Word for word and without images, reproduce the listing that follows.

..............................

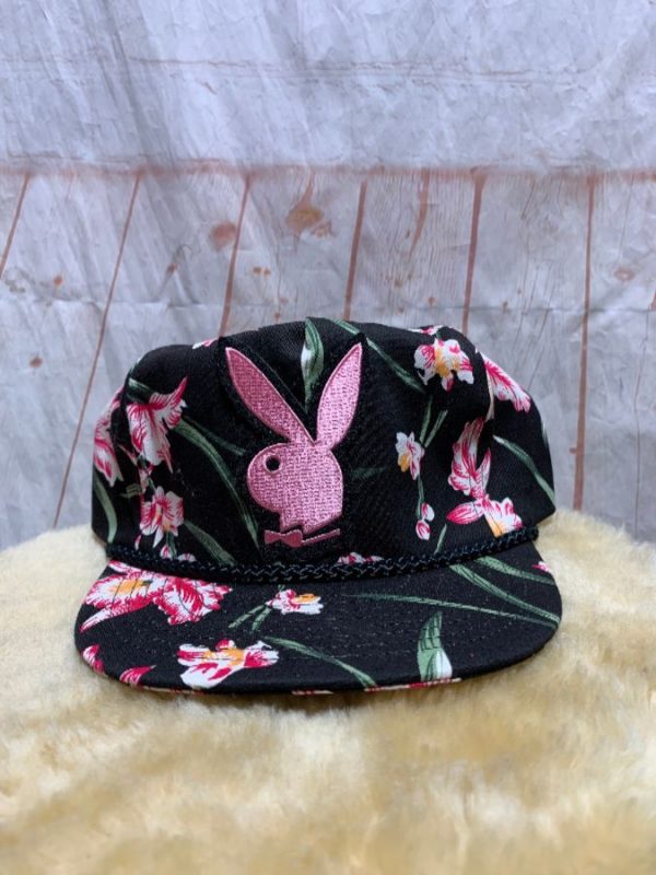 Baseball cap, snap-back, tropical floral print, Playboy Bunny embroidered patch, black/pink/yellow/green/white, size adjustable
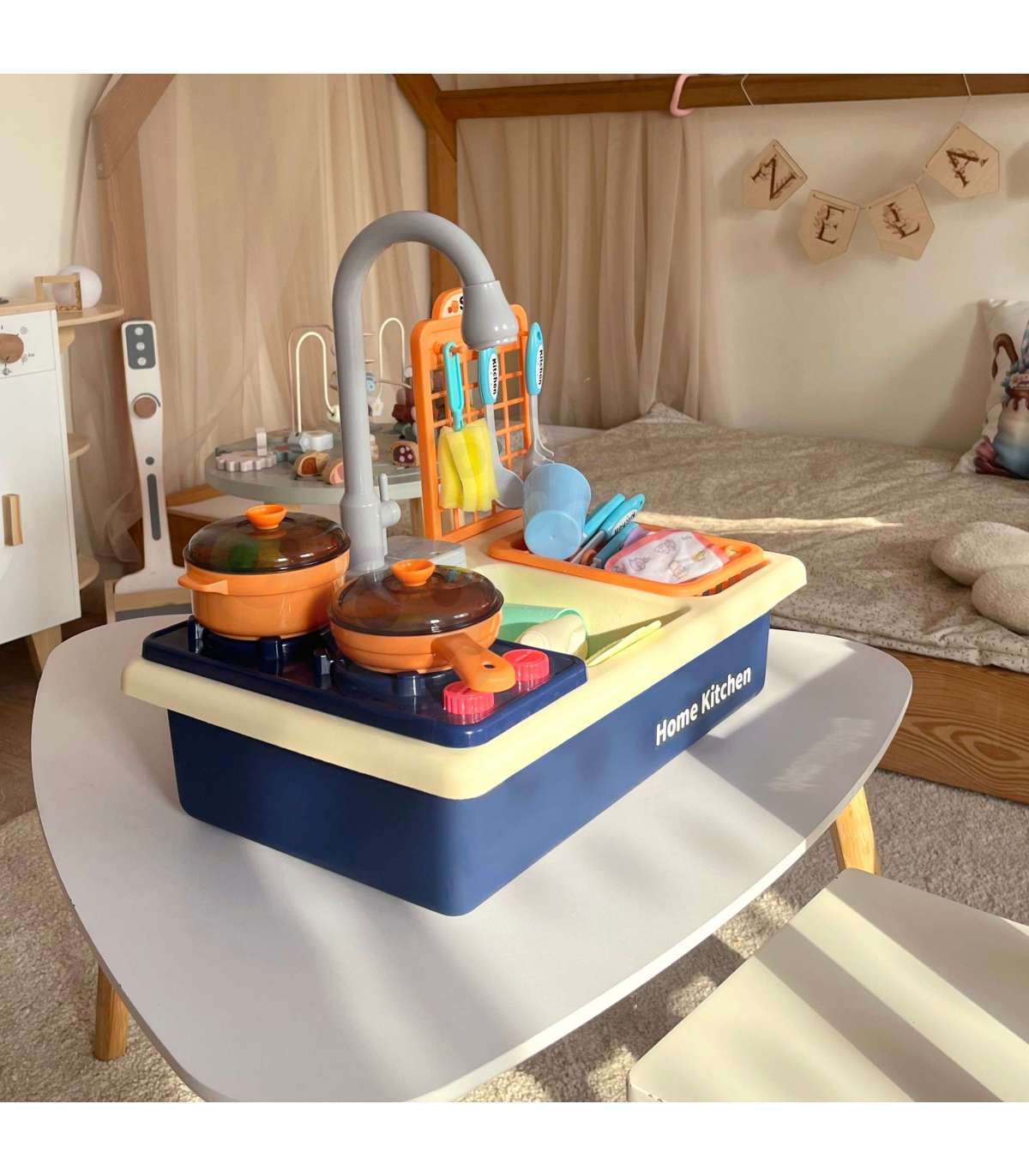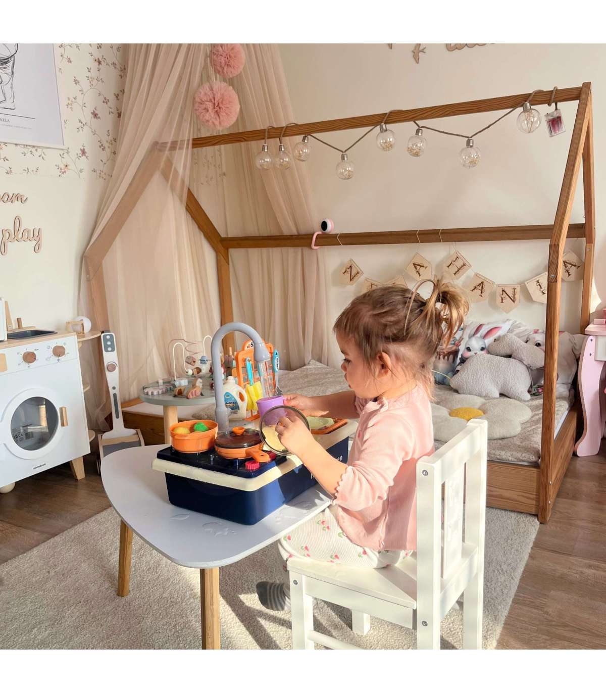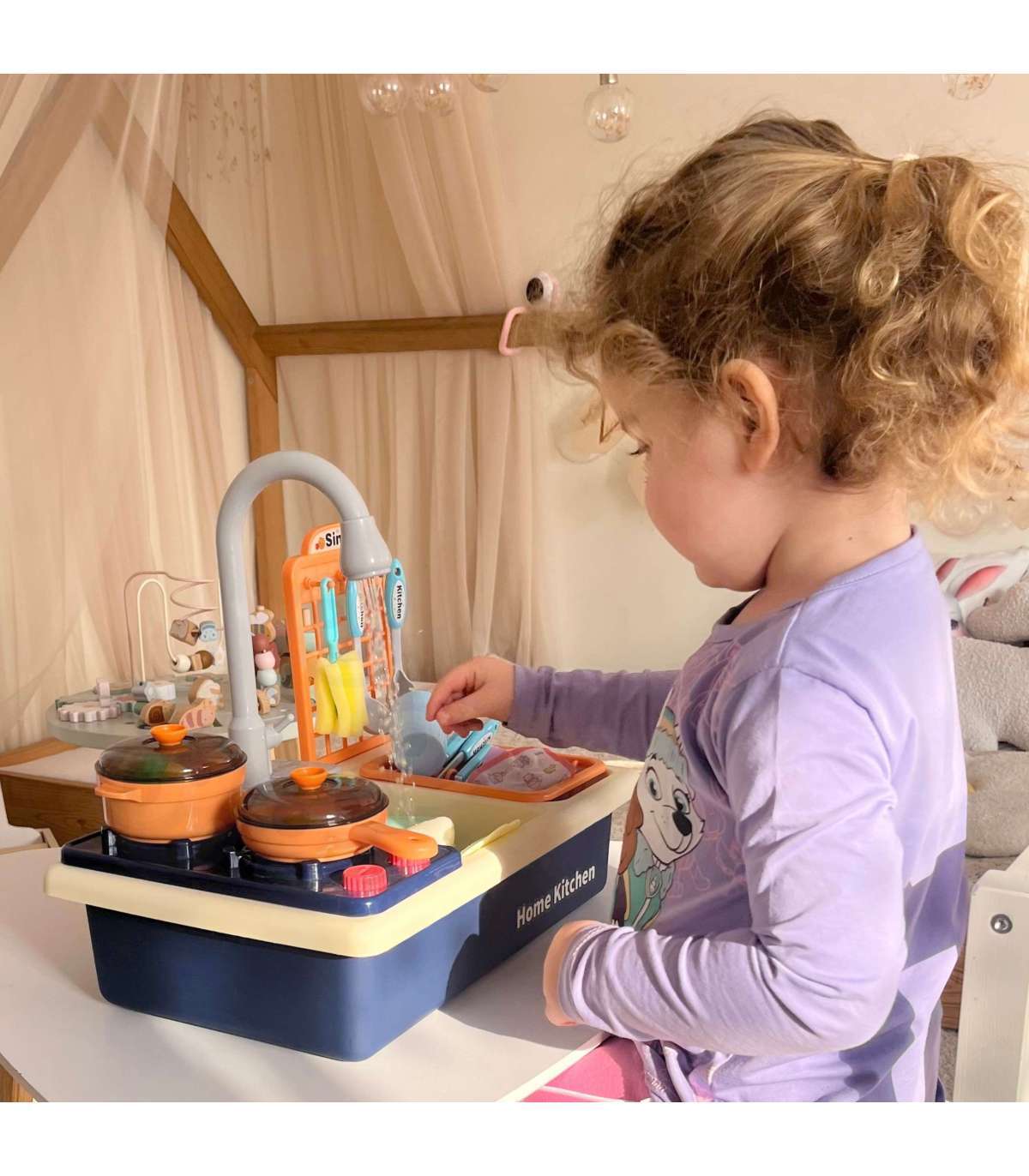 Kraanikauss ja pliit 2-ühes brändilt WOOPIE võimaldab lastel kokata ja nõusid pesta nagu nende vanemad - matkida alates varasest east! Mänguasi on täiuslikult jäljendatud, mistõttu laps tunneb, et teeb tõelisi köögitöid. Sellel on liigutatavad osad nagu pliidinupud ja segisti, millest voolab päris vesi. Piisab, kui valada kaussi vett ja vaadata, kuidas laps mängib; pärast mängu tuleb lihtsalt tühjendada alumine kauss. Lisaks sisaldab komplekt palju tarvikuid nagu potid ja toiduained. Mängimine kokkamise, nõudepesemise ja sarnaste töödega aitab lastel arendada vastutustunnet ja iseseisvust.
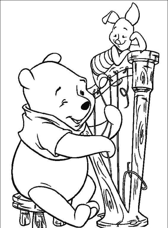 Prosiaczek słucha jak Kubuś gra na harfie.
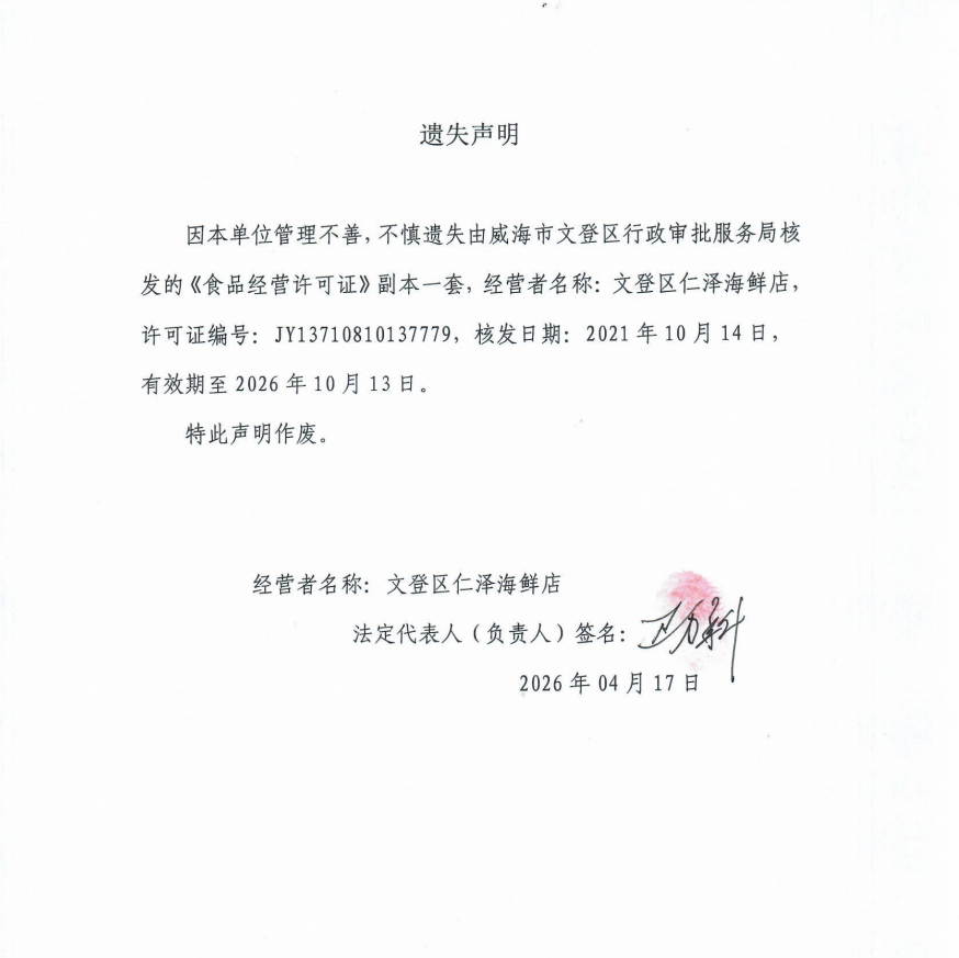 关于文登区仁泽海鲜店食品经营许可证的遗失声明
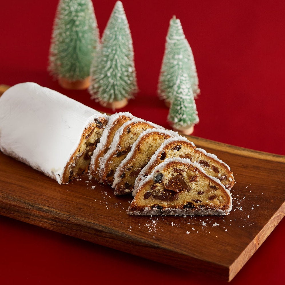 発酵パン生地にラムレーズン、いちじく赤ワイン漬け、オレンジピール、レモンピール、きざみアーモンドをたっぷり練り込んで焼き上げました。
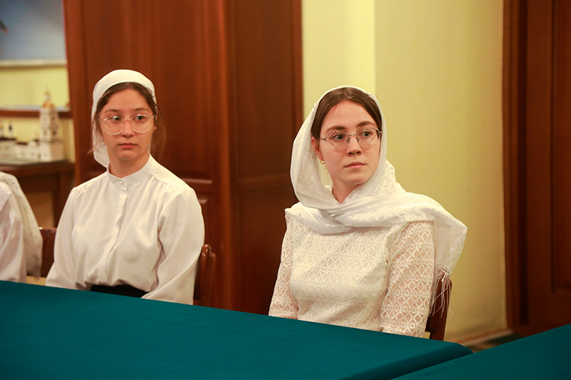 По традиции в заключение встречи владыка вручил первокурсницам Закон Божий.

..............................

● **RESULT**:
 Baseball cap, snap-back, tropical floral print, Playboy Bunny embroidered patch, black/pink/yellow/green/white, size adjustable
 Kraanikauss ja pliit 2-ühes brändilt WOOPIE võimaldab lastel kokata ja nõusid pesta nagu nende vanemad - matkida alates varasest east! Mänguasi on täiuslikult jäljendatud, mistõttu laps tunneb, et teeb tõelisi köögitöid. Sellel on liigutatavad osad nagu pliidinupud ja segisti, millest voolab päris vesi. Piisab, kui valada kaussi vett ja vaadata, kuidas laps mängib; pärast mängu tuleb lihtsalt tühjendada alumine kauss. Lisaks sisaldab komplekt palju tarvikuid nagu potid ja toiduained. Mängimine kokkamise, nõudepesemise ja sarnaste töödega aitab lastel arendada vastutustunnet ja iseseisvust.
 Prosiaczek słucha jak Kubuś gra na harfie.
 关于文登区仁泽海鲜店食品经营许可证的遗失声明
 発酵パン生地にラムレーズン、いちじく赤ワイン漬け、オレンジピール、レモンピール、きざみアーモンドをたっぷり練り込んで焼き上げました。
 По традиции в заключение встречи владыка вручил первокурсницам Закон Божий.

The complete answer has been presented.